I’ll remember Bhaskar Oru Rascal (the remake of the Malayalam film, Bhaskar the Rascal) mainly for Arvind Swami straying away successfully from all the sophistication that’s come to be seen as an attraction in successful films like Thani Oruvan and Bogan. In Bhaskar Oru Rascal too, there’s a scene that’s got him strutting about in a cool suit, but for a change, he hardly seems to belong in it. After all, Bhaskar’s a man who’s more at ease wearing a shirt and dhoti. His son, Akash, looks at him in a suit and asks, “Ungalukku edhukku idhelaam?” Arvind Swami totally sells the brutishness of Bhaskar, and his lack of manners — which makes for a recurring joke. The film’s strength is the largely innocent brand of humour it peddles, and you realise this never more than in the final act when the jokes all but disappear, and the film turns tedious.

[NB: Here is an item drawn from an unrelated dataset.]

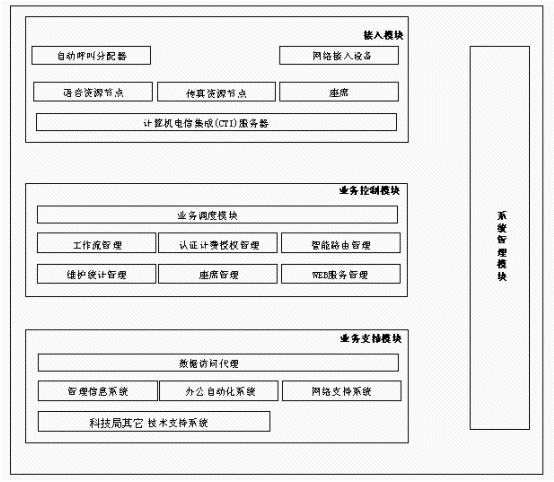 系統(tǒng)管理模塊提供對全系統(tǒng)完善的設(shè)備管理、網(wǎng)絡(luò)管理、運(yùn)營維護(hù)管理、服務(wù)質(zhì)量管理、業(yè)務(wù)信息管理及決策分析等功能,幫助科技局客戶服務(wù)中心運(yùn)營者用好系統(tǒng),把握市場動(dòng)態(tài),不斷提高服務(wù)質(zhì)量。

The jokes aren’t a surprise. You expect that from filmmaker Siddique, whose Friends lives on in the annals of Tamil cinema for its now-legendary humour. Bhaskar Oru Rascal, in that sense, marks a return to an age when laughter tracks featuring multiple comedians were the norm. Verbal humour has all but disappeared today, and so, it’s hard not to feel nostalgic in scenes that feature all the three comedians (Soori, Robo Shankar, and Ramesh Khanna) together. The clever lines aren’t just restricted to them, of course. In one scene, Nasser, who plays Bhaskar’s dad, makes a comment about his son’s tendency to pick fights: “Kanakku odhaikkala, ungappan odhaichirukaan.” Good luck translating that joke in English. In another scene, Bhaskar, upon noticing his son saving some chocolate in the refrigerator, says, “Suda suda saapidanum. Fridge la vechaa aari poidum.” It’s all silly, endearing… and funny.
Bhaskar Oru Rascal
Cast: Arvind Swami, Amala Paul, Baby Nainika, Mastar Raghavan, Soori, Siddique, Robo Shankar
For a while, I enjoyed that the film doesn’t make a meal out of the relationship between two widowers, Bhaskar and Anu (Amala Paul). The backstories, however, do quite a bit to ruin that. While Bhaskar’s serves to romanticise a woman’s problematic choice, Anu’s takes a traditional route that makes her decision to be with Bhaskar seem less ‘amoral’. There’s an evil family, an assassin, a drawn-out climax fight with people getting stabbed… These doesn’t fit into a story whose simplicity, for the longest time, is its most enjoyable facet.
Oh, and there’s a bigger problem in Bhaskar Oru Rascal. It’s the same issue as in Dora: The villification of Hindi-speaking people, and their portrayal as the ‘others’. The villain’s named Sanjay Sharma. He’s from Kolkata, and is a nasty piece of work – much like his entire family. When Anu’s in Kolkata and surrounded apparently by evil people, the only source of help she gets is from a Tamilian because, you know, only a Tamilian helps another. Later, there is an extended joke aimed at the non-Tamil identity of a bunch of musicians. Towards the end, Bhaskar, glowering at the villain, says, “Yen oorukku vandhu yen melaye kai vekkariya?” The film’s not subtle about its bias towards natives, and its negative depiction of the ‘others’. It’s a big reason why I walked out with a bad aftertaste. Well, that, and an ill-fitting final act.